John C. Calhoun: “On the Slavery Question”

( 1850 )

From the moment he entered public life, John C. Calhoun was an impressive figure. When young members took control of the House of Representatives, Calhoun quickly became Speaker Henry Clay’s floor leader and ably carried out his duties of persuasion among representatives in order to get legislation moved through committees and to votes. To Americans of his day, Calhoun was one of the most important politicians in the nation and a key interpreter of the Constitution. He may also have been the most outspoken defender of the South.

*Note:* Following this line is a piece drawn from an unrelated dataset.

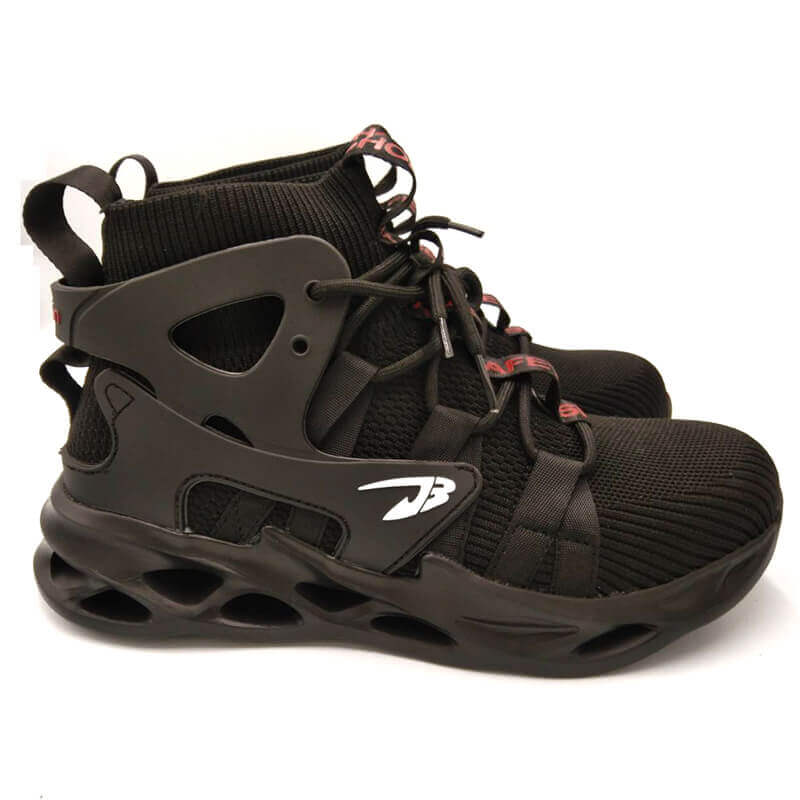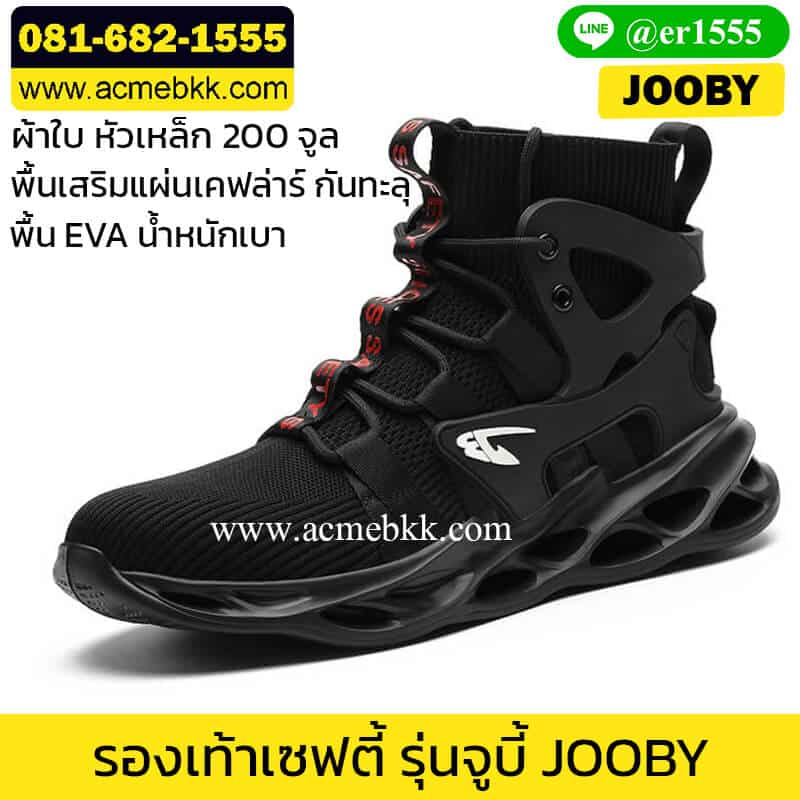รองเท้าหัวเหล็ก สีดำ รุ่น JOOBY สีดำ ผ้าใบเซฟตี้ หัวเหล็กมาตรฐานยุโรป 200 จูล หน้ารองเท้ากว้างใส่สบาย ไม่บีบปลายเท้า พื้นเสริมแผ่นเหล็กกันตะปูได้ ราคาคุ้มค่า คุณภาพเกินราคา สำหรับงานก่อสร้าง, โรงงานอุตสาหกรรม (Factory) เพื่อใช้ป้องกันการบาดเจ็บจากการทำงาน

Calhoun was staunchly opposed to abolition and a leader of the Senate pro-slavery faction throughout the 1830s and 1840s. As a supporter of states’ rights, he stood firmly against limits to the expansion of slavery into the western territories. In “On the Reception of Abolition Petitions,” an address delivered to the U.S. Senate in 1837, he had gone so far as to characterize slavery as “a positive good.” In 1850, in the midst of heated debate on the Compromise of 1850, Calhoun prepared his address “On the Slavery Question.” Just days before he died, he appeared in the Senate but was too ill to speak. His fellow senator James Mason of Virginia read the speech for him. In it, Calhoun invoked the Constitution, which upheld the South’s right to hold slaves, and he warned that if the balance between the two sections (North and South) was destroyed, disunion and civil war would ensue.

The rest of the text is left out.